In trying to piece together the puzzle of women’s activism and social movements in Saudi Arabia, experiences elsewhere among the Arab Gulf monarchies might provide some insight. Such is the guiding philosophy of WEORITU, a Kuwaiti organization that criss-crossed the Gulf Cooperation Council (GCC) countries to film more than 130 interviews with women, trying to create shared knowledge of women’s advances in the region. [6] Despite valuable single-country case studies, such as Madawi al-Rasheed’s The Most Masculine State and Amélie Le Renards’s A Society of Young Women, little comparative work has sought to leverage variation among the GCC countries to generate insights about gendered aspects of political and social change.

To be sure, it is fair to question whether any country’s historical trajectory is close enough to another, let alone to Saudi Arabia, to convincingly compare. Esraa al-Amiri, a gender-equality activist and Kuwaiti lawyer, was skeptical of trying to transplant “lessons learned” from Kuwait: “We mostly try to connect with activists from outside the Gulf,” she said. “The Gulf countries [other than Kuwait] don’t have civil societies to the same degree.” [7] Yet, with allowances made for potential confounding factors, it is hard to think of a cluster of cases better matched in terms of political economy, political systems and culture from which to derive “portable truths” about contentious politics and policy change.

With this in mind, an examination of women’s struggles to gain the right to vote in Kuwait, and ongoing efforts to promote women’s football in Qatar, provide useful in-depth case studies. They cannot predict the future course of change in Saudi Arabia, but they illustrate the need for ongoing political engagement and social activism to secure gains, and the limitations of state-led efforts to remake isolated aspects of Gulf societies while failing to reckon with the complex web of social regulations that underpin present gender divides.

Political Change in Kuwait

A decade before Saudi women gained the right to vote and run in elections for the kingdom’s (relatively toothless) municipal councils, Kuwaiti women garnered headlines worldwide when a law granting women’s suffrage cleared the country’s elected National Assembly. While the existence of a powerful, elected parliament contrasts sharply with the closed-off Saudi political system, the interplay of local civil society and international scrutiny—along with the disappointments that followed initial victory—suggests important parallels with present developments in Saudi Arabia.

A decades-long mobilization of women’s groups and allies had long pressed the Kuwaiti monarchy for expanded political rights, working with the elected parliament when possible.
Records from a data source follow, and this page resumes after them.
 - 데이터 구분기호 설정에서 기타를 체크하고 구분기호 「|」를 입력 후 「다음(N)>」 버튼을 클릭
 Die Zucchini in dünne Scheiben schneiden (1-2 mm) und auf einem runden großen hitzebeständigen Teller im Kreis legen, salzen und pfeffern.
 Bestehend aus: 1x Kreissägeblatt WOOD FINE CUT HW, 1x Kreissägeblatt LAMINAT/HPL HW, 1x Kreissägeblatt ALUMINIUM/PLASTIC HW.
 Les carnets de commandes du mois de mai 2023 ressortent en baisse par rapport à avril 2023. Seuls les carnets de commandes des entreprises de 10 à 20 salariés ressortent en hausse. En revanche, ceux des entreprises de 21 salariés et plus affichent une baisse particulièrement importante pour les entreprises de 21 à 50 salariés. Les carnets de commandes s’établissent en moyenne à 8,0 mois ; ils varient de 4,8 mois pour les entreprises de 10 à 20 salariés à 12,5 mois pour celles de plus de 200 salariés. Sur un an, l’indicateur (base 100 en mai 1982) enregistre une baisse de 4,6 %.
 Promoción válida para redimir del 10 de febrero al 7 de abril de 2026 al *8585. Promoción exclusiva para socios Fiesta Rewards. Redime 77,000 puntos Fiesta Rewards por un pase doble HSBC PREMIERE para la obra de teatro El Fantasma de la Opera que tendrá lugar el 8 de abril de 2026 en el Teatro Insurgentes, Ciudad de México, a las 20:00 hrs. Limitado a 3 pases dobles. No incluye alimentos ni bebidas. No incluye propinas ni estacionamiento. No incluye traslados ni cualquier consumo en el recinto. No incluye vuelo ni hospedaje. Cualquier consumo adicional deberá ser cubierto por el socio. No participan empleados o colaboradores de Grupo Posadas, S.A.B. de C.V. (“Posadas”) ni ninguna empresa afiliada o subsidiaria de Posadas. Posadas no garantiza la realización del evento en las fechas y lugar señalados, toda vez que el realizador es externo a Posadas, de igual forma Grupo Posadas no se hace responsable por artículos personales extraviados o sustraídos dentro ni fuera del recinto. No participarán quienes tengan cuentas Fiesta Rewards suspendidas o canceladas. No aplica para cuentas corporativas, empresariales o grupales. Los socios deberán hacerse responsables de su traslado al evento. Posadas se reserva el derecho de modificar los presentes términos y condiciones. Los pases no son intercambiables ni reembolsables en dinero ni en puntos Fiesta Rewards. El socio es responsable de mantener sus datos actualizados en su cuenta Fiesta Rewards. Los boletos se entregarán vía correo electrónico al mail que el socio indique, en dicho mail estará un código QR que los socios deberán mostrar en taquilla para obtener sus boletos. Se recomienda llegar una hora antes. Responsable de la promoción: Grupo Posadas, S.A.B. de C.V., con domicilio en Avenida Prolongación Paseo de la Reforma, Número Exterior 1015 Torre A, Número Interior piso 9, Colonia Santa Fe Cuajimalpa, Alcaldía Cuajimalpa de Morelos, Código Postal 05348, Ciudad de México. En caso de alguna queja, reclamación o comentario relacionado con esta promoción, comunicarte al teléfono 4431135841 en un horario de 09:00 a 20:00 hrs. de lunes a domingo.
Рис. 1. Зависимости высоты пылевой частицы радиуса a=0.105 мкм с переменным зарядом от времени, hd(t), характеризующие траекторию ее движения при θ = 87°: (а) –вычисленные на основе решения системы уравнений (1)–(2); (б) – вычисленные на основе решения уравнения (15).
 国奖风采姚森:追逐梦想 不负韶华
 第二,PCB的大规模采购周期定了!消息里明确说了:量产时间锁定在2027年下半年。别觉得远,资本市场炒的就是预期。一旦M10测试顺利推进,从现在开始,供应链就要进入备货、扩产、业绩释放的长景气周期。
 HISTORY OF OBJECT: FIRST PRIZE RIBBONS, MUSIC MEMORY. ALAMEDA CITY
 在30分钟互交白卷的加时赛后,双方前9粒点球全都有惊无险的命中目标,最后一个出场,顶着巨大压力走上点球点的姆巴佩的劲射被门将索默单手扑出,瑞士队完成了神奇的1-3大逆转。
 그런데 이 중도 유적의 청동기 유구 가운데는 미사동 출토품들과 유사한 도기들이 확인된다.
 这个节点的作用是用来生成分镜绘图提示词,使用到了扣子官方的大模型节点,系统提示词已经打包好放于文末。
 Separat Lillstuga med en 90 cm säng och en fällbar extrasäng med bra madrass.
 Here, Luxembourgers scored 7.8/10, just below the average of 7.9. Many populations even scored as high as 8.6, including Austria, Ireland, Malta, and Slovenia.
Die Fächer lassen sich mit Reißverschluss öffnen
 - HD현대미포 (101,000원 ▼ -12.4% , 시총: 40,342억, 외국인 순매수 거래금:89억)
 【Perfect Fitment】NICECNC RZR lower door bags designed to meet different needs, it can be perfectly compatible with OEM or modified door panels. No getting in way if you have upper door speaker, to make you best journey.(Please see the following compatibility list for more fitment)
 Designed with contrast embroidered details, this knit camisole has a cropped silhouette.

Even before prominent activist Nouria al-Saddani began petitioning for greater political rights in the 1970s, Kuwaiti women organized to press for greater social and political participation, through organizations such as the Arab Women’s Development Society (AWDS)—later disbanded by the government for its vocal campaigning—and the Women’s Cultural and Social Society (WCSS). Although claims that the Kuwaiti government and parallel Islamist women’s organizations had co-opted and sidelined these organizations by the mid-1990s, the Iraqi occupation of Kuwait in 1990-1991 set the stage for a sustained push for women securing the right to vote.

During the occupation, well-connected female activists lobbied governments abroad on behalf of the country to intervene and organized protests and community resource networks. Upon his return from exile, then-Emir Jaber al-Ahmad Al Sabah publicly acknowledged the “supreme and bright role that women undertook” during the occupation, while even the conservative Crown Prince Saad noted that the Kuwaiti women’s patriotic role “undoubtedly entitles her to an even greater role… in the Kuwait of the future.” [8] As once-and-future head of the WCSS Lulwa al-Mulla noted, Kuwaiti women relied on these speeches to hold the ruling family to account for their promises. “In the Emir’s speech in the UN and the Jeddah conference, they said that Kuwaiti women should take their rightful place in liberated Kuwait…we relied on the 29th article of the constitution [guaranteeing equality] and the speeches of the Emir. You said that women should take their political rights in liberated Kuwait!” [9]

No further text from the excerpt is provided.